Another man was convicted of separate offences, while two were acquitted.
Mr Masood, a leading anti-Taleban fighter, was blown up in 2001, two days before the 9/11 terror attacks, by two Tunisian men posing as journalists.
Those convicted, all of north African origin, were seized by French police who traced passports found on Mr Masood's killers to a Brussels-based militant cell run by Tarek Maaroufi.
Maaroufi was sentenced to six years in prison by a court in Brussels in 2003.
Mr Masood was a leading general in Afghanistan's anti-Taleban Northern Alliance.
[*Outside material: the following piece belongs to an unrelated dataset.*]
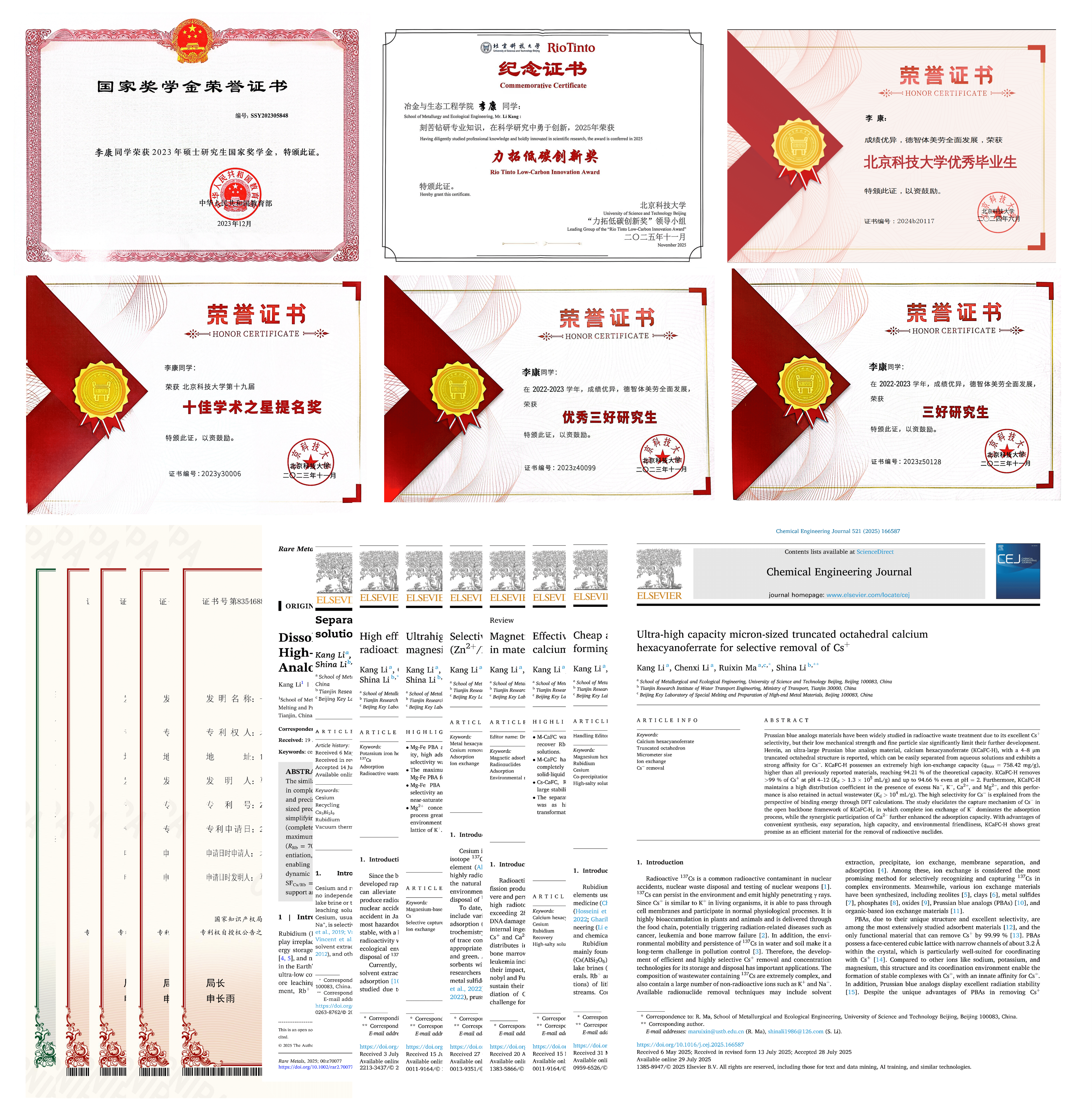 李康,男,1999年8月出生,AV研究所 冶金工程专业2024级博士研究生,获2025年中国科协青年科技人才培育工程博士生专项计划,博士研究生国家奖学金、硕士研究生国家奖学金、第十九届“十佳学术之星提名奖”,2024年AV研究所 优秀毕业生、优秀三好研究生、三好研究生、佰工钢铁学生创新创业团队奖等奖项荣誉。师从马瑞新教授,从事复杂环境中战略金属的回收和电池材料与器件的合成。截至目前,以第一作者身份发表SCI论文9篇,中科院一区TOP期刊6篇,二区TOP期刊2篇,累计影响因子83。以学生一作授权发明专利5项,申请发明专利4项。

The death of the man revered as the "Lion of the Panjshir Valley" stunned the country's then rebel forces, who were soon called to fight alongside US troops in a campaign against the Taleban in late 2001.
In Paris on Tuesday Adel Tebourski, 41, was handed a six-year sentence after admitting he was a member of an Islamist cell linked to one of the Tunisian killers.
He was accused of changing 30,000 French francs (4,500 euros) into almost $6,000 for Dahmane Abd al-Sattar before he set out on his suicide mission in May 2000.
Frenchman Yousef el-Aouni, 31, received a two-year sentence, while Abderahmane Ameroud, a 27-year-old Algerian, was handed the longest sentence, of seven years.
Another man, 37-year-old Mehrez Azouz, was imprisoned for five years.
A fifth suspect, Khellaf Hammam, 37, was convicted of helping organise paramilitary training for French-based Islamic militants, and was imprisoned for two years.
Two others, Ibrahim Ketta, 38, and Azdine Sayeh, 32, were acquitted.